What Hyperliquid Has Built
Hyperliquid operates as a fully on-chain perpetual futures exchange. Unlike hybrid models that match orders off-chain and settle on-chain, Hyperliquid runs its order book directly on its own application-specific blockchain. That architecture allows it to process transactions at speeds closer to centralized exchange infrastructure.
The platform supports dozens of perpetual markets across major crypto assets.
Funding rates, liquidations, and position data are all verifiable on-chain, in contrast to the opacity of centralized venues.
The Volume Picture
A $1 billion daily volume figure places Hyperliquid among the top derivatives venues in crypto, regardless of whether on-chain or off-chain platforms are included. For context, major centralized exchanges typically handle between $5 billion and $50 billion in daily derivatives volume. Hyperliquid has closed a portion of that gap over the past 12 months.

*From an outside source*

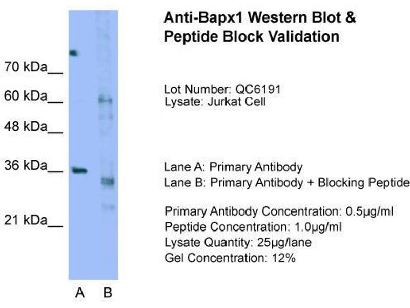 - This is a rabbit polyclonal antibody against Bapx1. It was validated on Western Blot using a cell lysate as a positive control.

The exchange has grown from tens of millions in daily volume in early 2025 to consistently clearing hundreds of millions, with occasional spikes past the $1 billion mark.
Background
Hyperliquid launched its mainnet in late 2024 and distributed its HYPE token through one of the largest community airdrops in crypto history. The protocol did not take venture capital investment ahead of that distribution, a decision that generated significant attention and drew retail traders who felt underserved by VC-heavy token launches.
Since launch, the team has shipped a series of product upgrades including HyperEVM, which brought programmable smart contracts to the Hyperliquid chain.
On-Chain Perps Vs. Centralized Venues
The structural case for on-chain perpetuals centers on transparency and self-custody. Traders on centralized exchanges trust the venue to hold margin, calculate funding rates honestly, and process liquidations fairly. A series of centralized exchange failures between 2022 and 2024 sharpened demand for alternatives.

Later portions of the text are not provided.